Размер шрифта
-
+

Сказки - стр. 6

Андерсен открывал городские ворота своим – невидимым – ключом, и они бесшумно распахивались перед Принцессой и Свинопасом, Соловьем и Розой, феями и Девочкой со спичками, эльфами и Навозным жуком. Последней приползала улитка. Та самая, о которой Андерсен говорил: «Она была богата внутренним содержанием – она содержала самое себя».

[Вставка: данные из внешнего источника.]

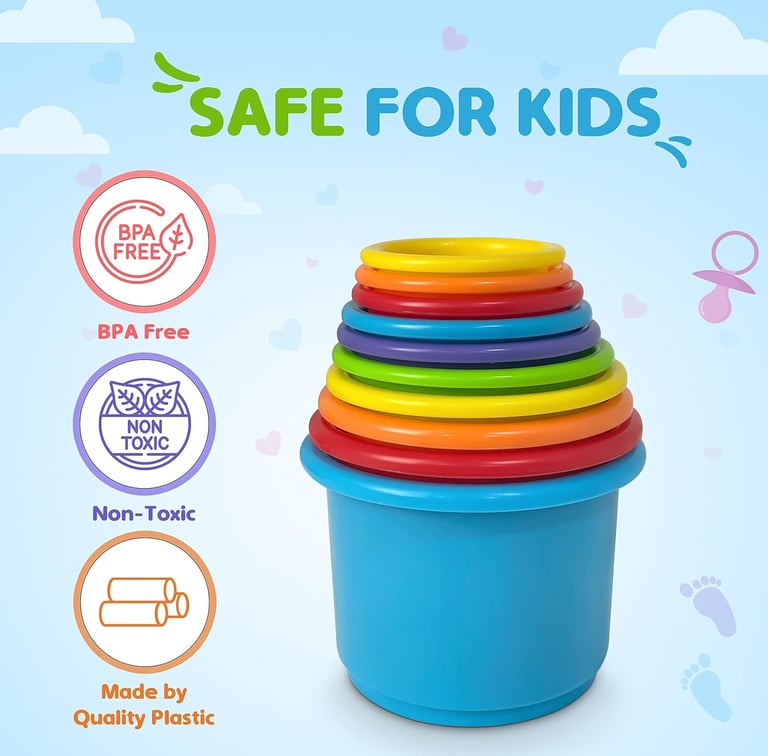 The KIDSTHRILL Rainbow Stacking Cups turn playtime into a colorful learning adventure! Perfect for toddlers aged 1–3, these 10 cups stack, nest, and float safely in the bath thanks to built-in drain holes. Designed to boost hand-eye coordination, fine motor skills, and color recognition, they also introduce early math concepts through sorting and counting. Made from durable, non-toxic materials with no detachable parts, these cups are lightweight, easy to clean, and toddler-safe. Bright rainbow colors instantly grab attention, keeping kids engaged for hours while parents enjoy peace of mind with a versatile, educational toy.

Улица у городских ворот, несомненно, была бы запружена. Считается, что в «Человеческой комедии» Бальзака выведено больше действующих лиц, чем у любого другого писателя; но мир Андерсена еще населеннее. Улица была бы запружена, хотя свита Андерсена занимала не только мостовую: аисты и другие птицы парили над головой, черви и кроты прокладывали подземные ходы.

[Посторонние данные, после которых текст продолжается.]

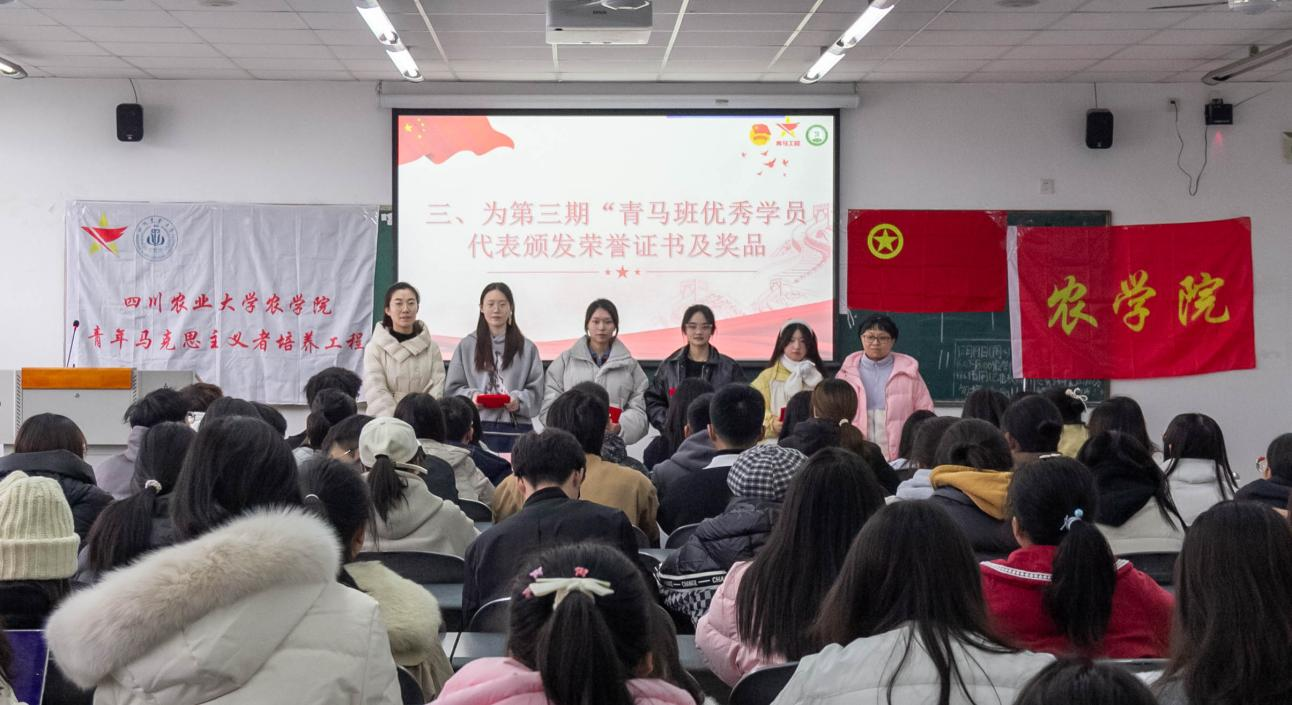 会议伊始,由第三期青马班班主任助理田怡雪做工作总结。出席会议的老师为第三期“青马班”学员颁发结业证书并为优秀学员颁发证书及奖品。随后,第三期“青马班”优秀学员代表任星宇发言,她表示,在青马班一年的学习,让她明白在当好学生干部服务同学的同时,还要不断进行自我反省和自我完善。第四期“青马班”学员代表毛雨璐号召大家:“作为川农大的jlnnianhui官方网站学子,我们要彰显‘爱农兴农’理论,在社会实践中结合专业奉献力量!”学员发言结束后,沈丽淘为在座学员介绍了第四期培养方案,本次“青马班”分为必修课程和选修课程,其中必修课程将采用学分制的形式,要求各位学员遵纪守法、积极向上,主动参加社会实践、志愿服务。

Андерсен усаживал на плечо маленького Оле-Лукойе, того самого, который навевает людям сны, и шел вперед. Тут возникает неотложная необходимость разглядеть Андерсена в темноте ночи; поэтому я решаюсь прибегнуть к помощи Вильяма Блока, современника и друга Андерсена, который в описаниях неизменно предпочитал восторженности точность: «Нельзя сказать, чтобы природа была особенно милостива к Андерсену по части внешности, – вспоминал Блок. – Фигура его всегда имела в себе что-то странное, что-то неловкое, неустойчивое, вызывающее и улыбку, и симпатию. Как бывают мальчики, с детских лет отличающиеся какой-то старческой степенностью, невольно внушающею к ним некоторое уважение, так бывают и взрослые люди, которые никак не могут избавиться от чего-то чисто детского в лице или в фигуре. Андерсен представлял удивительную смесь того и другого рода людей. Не знаю, каков он был ребенком, но я уверен, что его резко очерченное лицо с маленькими глазами и крупным носом и в детстве не представляло свойственных ребенку мягких и округленных форм, и я вряд ли ошибаюсь, предполагая, что люди, видевшие его в колыбели, так же удивлялись старчески мудрому выражению лица ребенка, как впоследствии – ребяческому отпечатку, лежащему на всей его фигуре взрослого человека. Он был высок, худощав и крайне оригинален в осанке и движениях. Руки и ноги его были несоразмерно длинны и тонки; кисти рук широки, а ступни таких огромных размеров, что ему, вероятно, никогда не случалось опасаться, чтобы кто-нибудь подменил ему калоши. Нос его был так называемой римской формы, но тоже несоразмерно велик и как-то особенно выдавался вперед. Уходя от него, человек скорее и лучше всего запоминал его нос, между тем как светлые и крайне маленькие глаза его, скрытые в своих впадинах за большими веками, не оставляли по себе впечатления. Выражение глаз было ласковое, добродушное, но в них не было той захватывающей игры света и теней, той жизни и выразительности, благодаря которым глаза становятся зеркалом души. Зато очень красив был его высокий, открытый лоб и необычайно тонко очерченные губы».